Supériorité de la science historique allemande

A M. Gabriel Monod. Toulouse, 30 août 1864

...

Je prends donc votre question tout à fait abstraitement. Il s'agit simplement de savoir si, étant donné un homme intelligent, instruit, muni de la meilleure éducation française, cet homme fera bien d'aller achever son éducation en Allemagne. Je réponds oui, sans hésтiter.

La plupart des grandes études historiques ont aujourd'hui leur centre et leur source en Allemagne. Cela est incontestable pour les études sanscrites et persanes, pour l'exégèse biblique tout entière, pour toute l'histoire et la philologie grecque et latine. Lorsqu'on arrive à l'histoire moderne, cela est moins vrai. Chaque nation, l'Angleterre, la France, a ses historiens originaux, et néanmoins, même dans ces provinces étrangères, dans l'histoire de l'Italie, de la Provence, de l'Espagne, les Allemands font autant que les nationaux.

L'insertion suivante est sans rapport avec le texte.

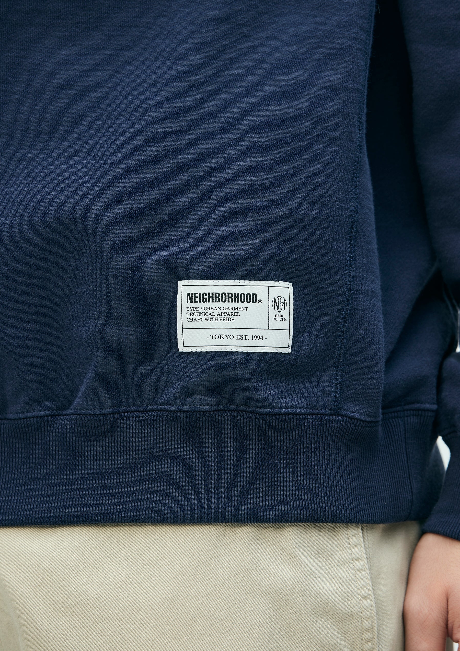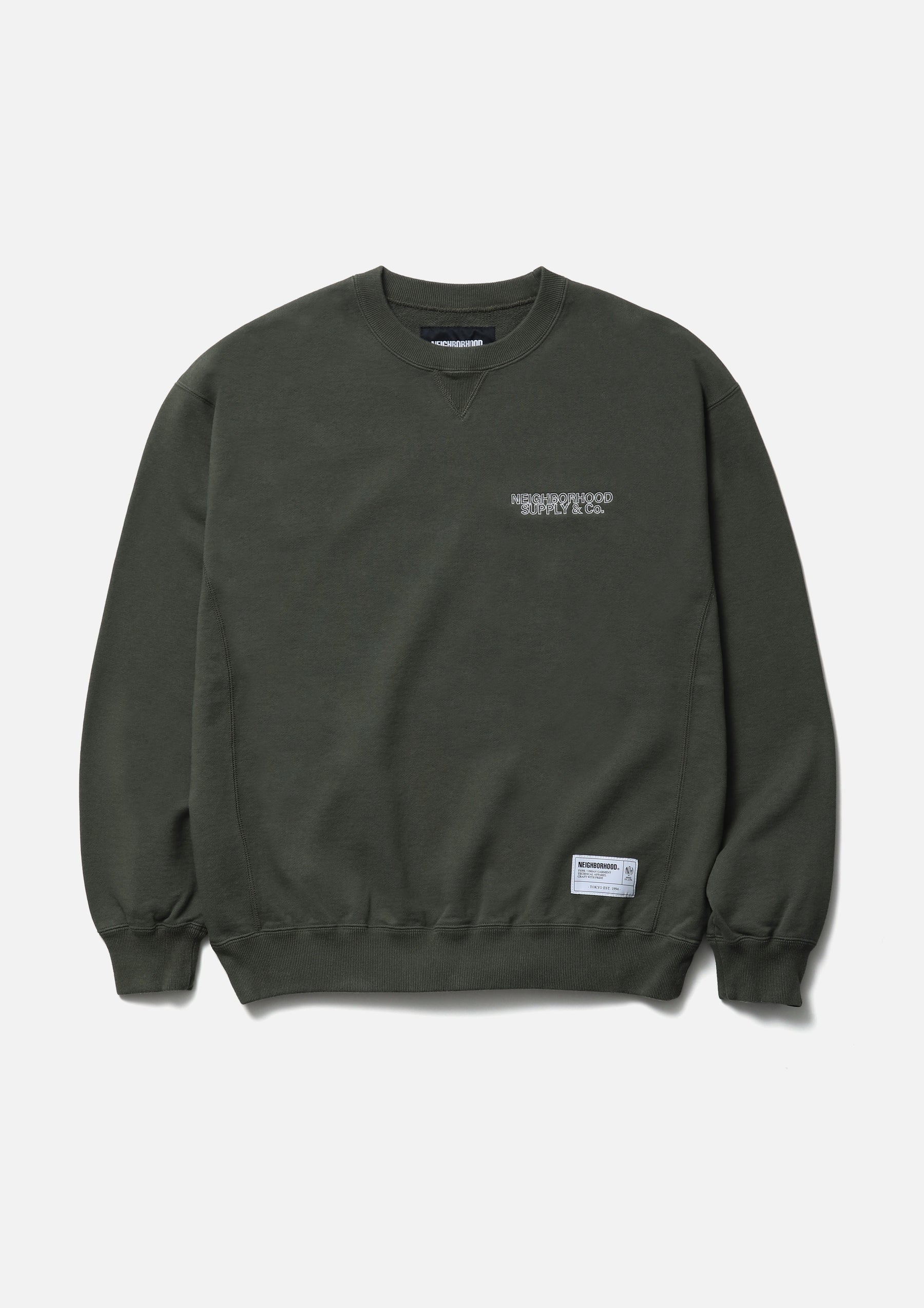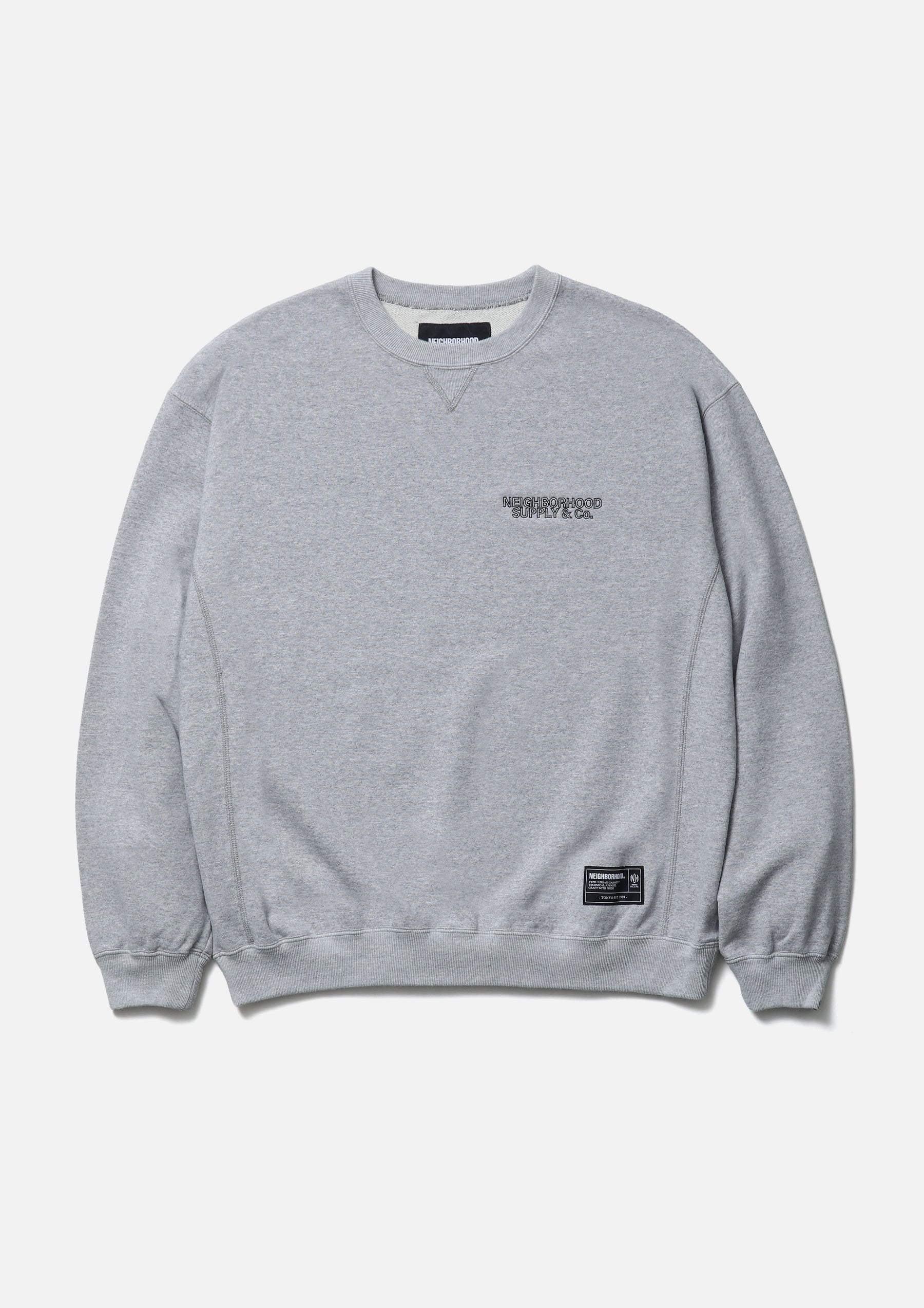 Crewneck pullover made from fleece fabric spun with organic cotton. Features an embroidered logo on the left chest. A brand tag is placed at the left hem, and a woven side label is attached at the cuff. Completed with a one-wash finish.

Leur supériorité historique a deux causes. En premier lieu, ils sont philologues, ils vont aux textes mêmes, ils lisent les manuscrits et les documents inédits, ils viennent à Paris, à Oxford, à Dublin étudier les variantes. Leurs études sont de première main. Le défaut de l'éducation universitaire est de donner la science de seconde main, par des manuels, des résumés, des cours, des éditions toutes faites. Avant tout, un écrivain, un historien doit se mettre face à face et sans intermédiaire avec les monuments et les documents, tels qu'ils sont, frustes et mutilés, avant toute rectification et restauration.

En second lieu, ils sont philosophes. ‒ Presque tous ont suivi à l'Université, ou suivent pendant leurs études, un ou deux cours de philosophie, ce qui leur donne l'habitude de généraliser, de voir les objets par masses. De là leurs idées sur l'ensemble et le développement d'une civilisation entière ; et vous savez que dans les époques éloignées et sans chronologie, comme l'antiquité hébraïque et hindoue, c'est par ces considérations qu'on parvient à classer et à dater les documents.

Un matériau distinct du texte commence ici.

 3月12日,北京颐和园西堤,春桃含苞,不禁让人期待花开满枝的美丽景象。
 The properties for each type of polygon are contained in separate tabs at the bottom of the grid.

Au retour, la France vous donnera quelque chose qui manque à l'Allemagne ; voyez des artistes, des peintres, des voyageurs, des gens du monde, surtout des romanciers, des observateurs comme Flaubert et Sainte-Beuve. Ceux-là seuls, et bien mieux que Gervinius ou Loessen, vous enseigneront à connaître l'individu, le personnage réel et vivant, et à le mettre en mouvement (H. Taine. Sa vie et sa correspondance, t. II, p.315-317).